Commissioner of the Federal Election Commission
- In office June 27, 2008 – August 1, 2022
- President: George W. Bush Barack Obama Donald Trump Joe Biden
- Preceded by: Scott Thomas
- Succeeded by: Dara Lindenbaum
- In office January 10, 2006 – December 31, 2007
- President: George W. Bush

Personal details
- Born: July 18, 1943 (age 82) Reno, Nevada, U.S.
- Party: Independent
- Education: University of Notre Dame (BA) University of California, Berkeley (JD)

= Steven T. Walther =

American attorney (born 1943)

Steven T. Walther (born July 18, 1943) is an American attorney who served as a commissioner of the Federal Election Commission. Walther also served as chair of the FEC in 2009 and 2017.

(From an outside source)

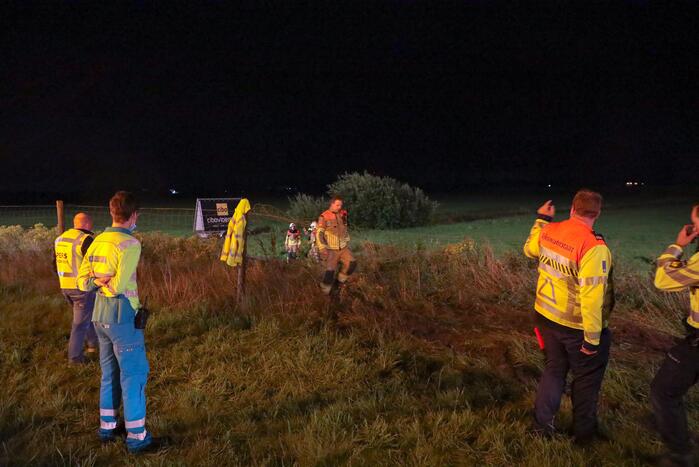 Door het ongeval is zeker een personen gewond geraakt, het slachtoffer is overgebracht naar het ziekenhuis. Meerdere hulpdiensten waaronder de brandweer kwamen naar het ongeval en zochten in de weilanden. De voertuigen werden later geborgen.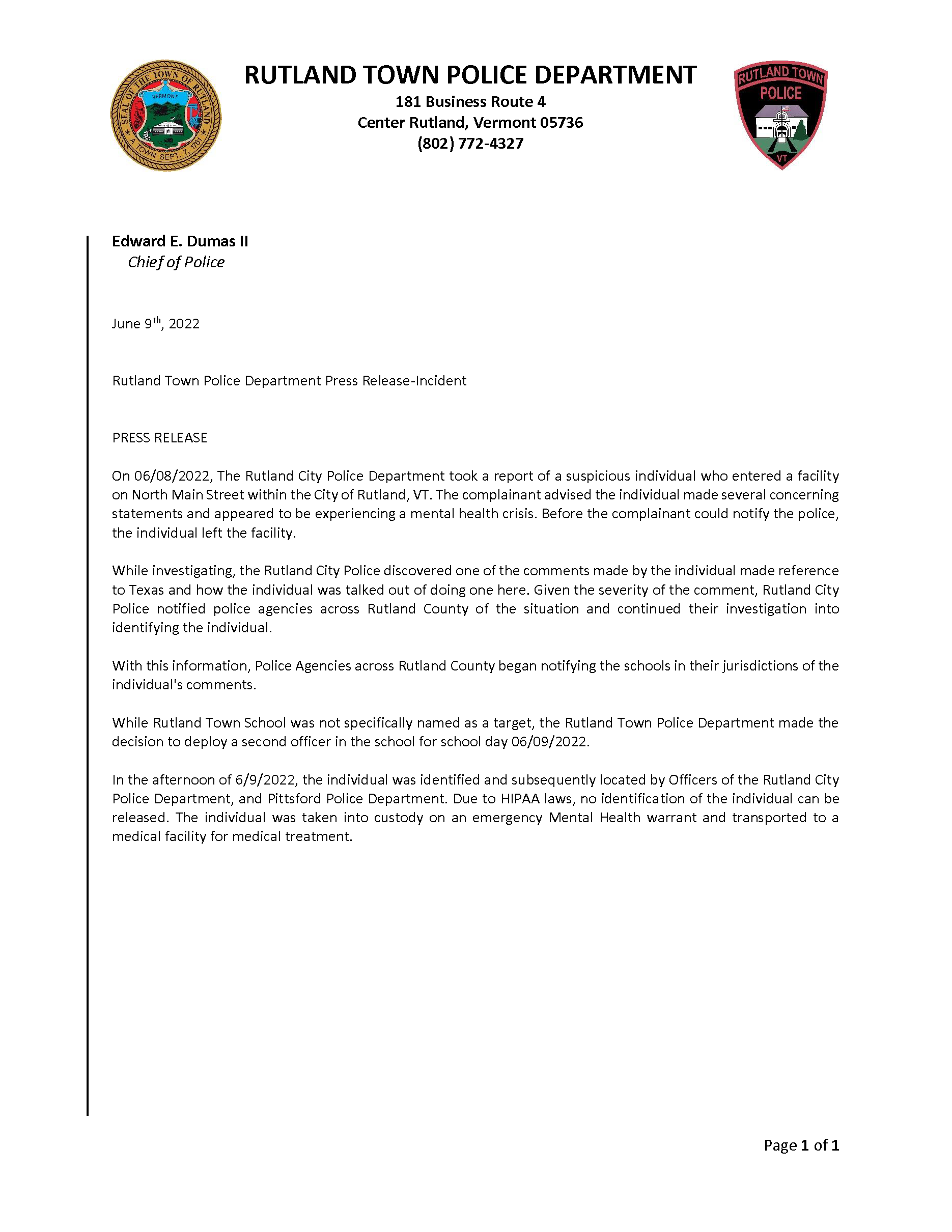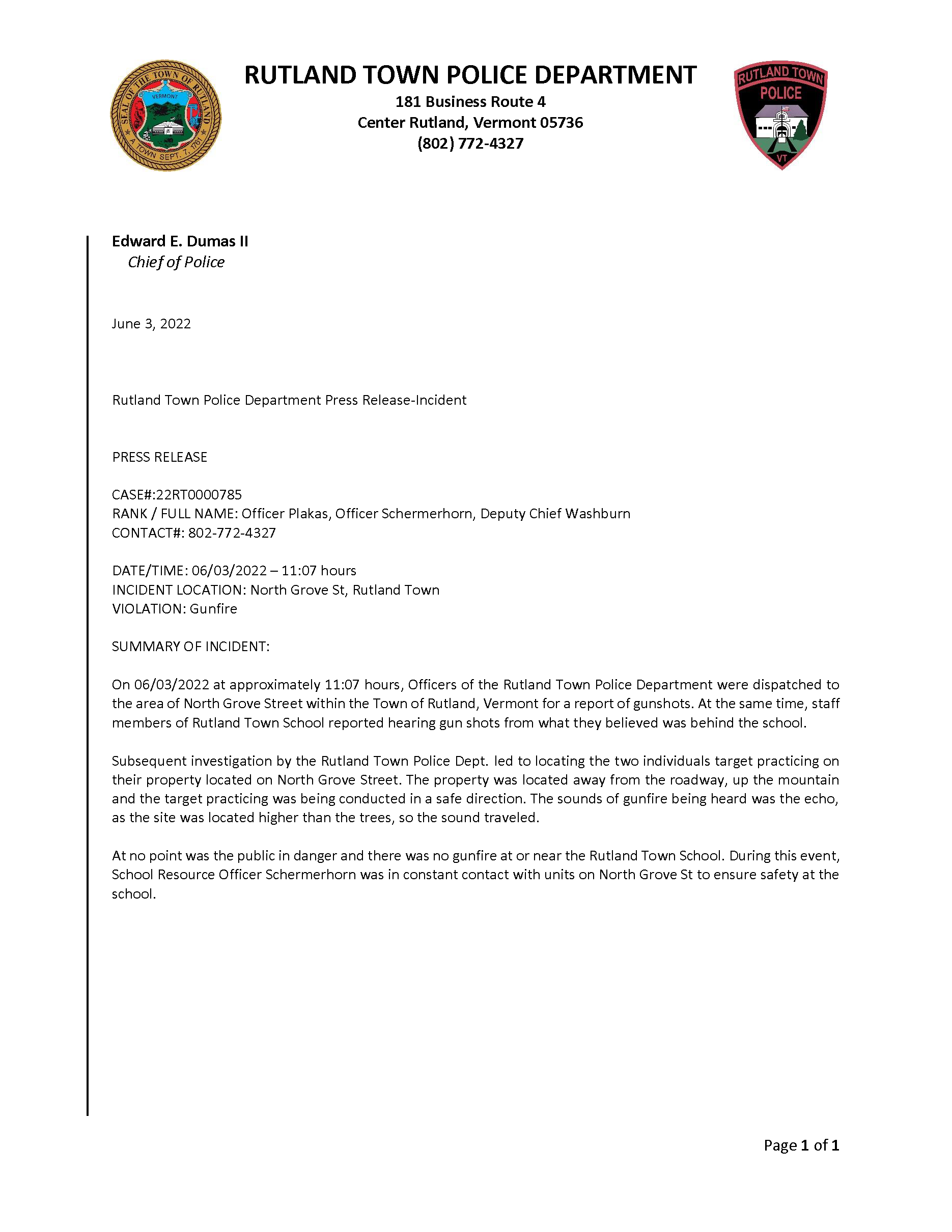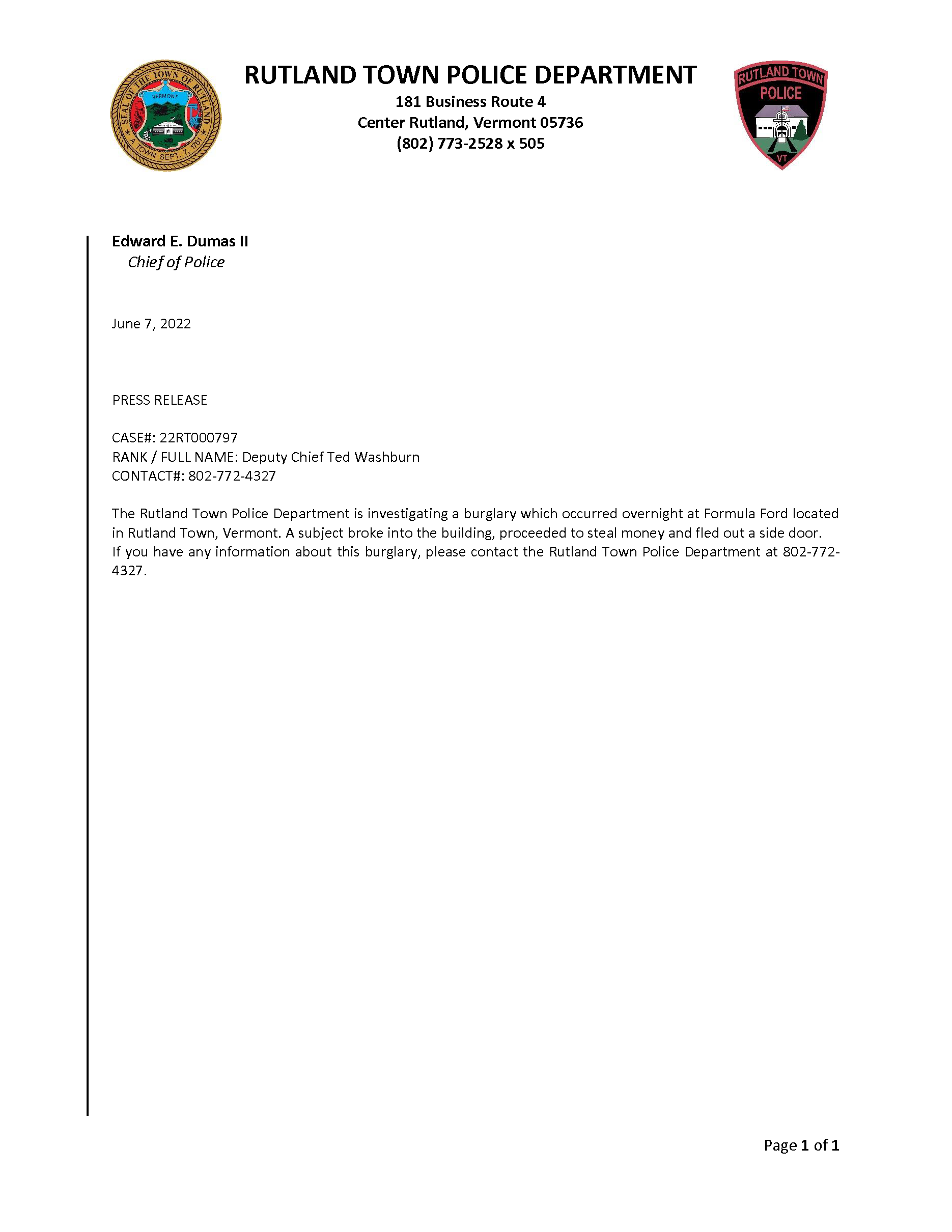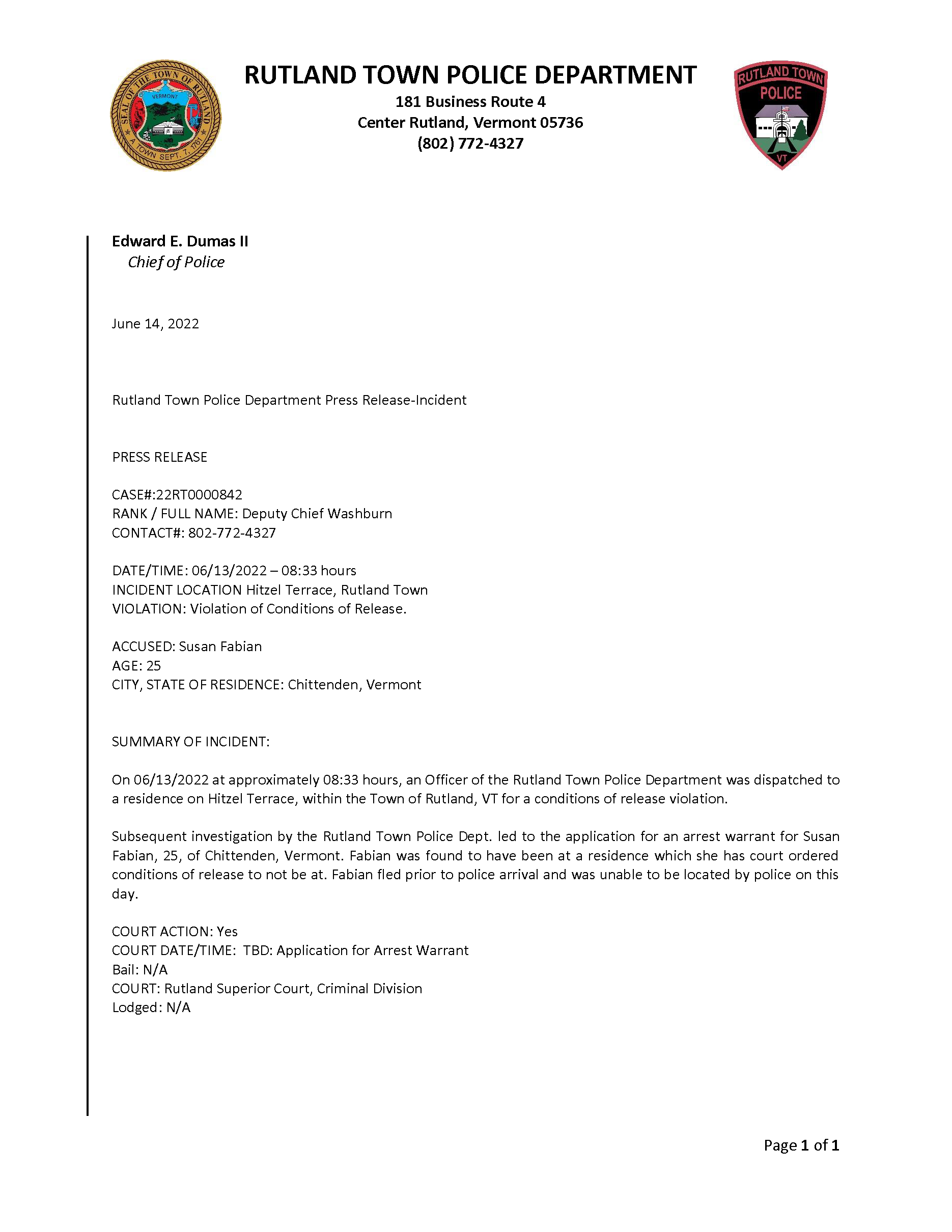 Rutland Town Police Department June 2022 Press Releasees

== Early life and education ==
Walther was born in Reno, Nevada. He earned a Bachelor of Arts degree in Russian from the University of Notre Dame in 1965 and a Juris Doctor from the UC Berkeley School of Law in 1968.

== Career ==
Walther is a former president of the State Bar of Nevada, the Western States Bar Conference, and the National Caucus of State Bar Associations. He is a past chair of the Fellows of the American Bar Foundation, the legal research arm of the ABA. From 1971 until his FEC appointment, Walther served as a member of the Nevada State Advisory Committee to the United States Commission on Civil Rights.

Prior to joining the FEC, Walther practiced law in the Reno, Nevada law firm of Walther, Key, Maupin, Oats, Cox & LeGoy, now known as Maupin, Cox & LeGoy which he co-founded in 1972.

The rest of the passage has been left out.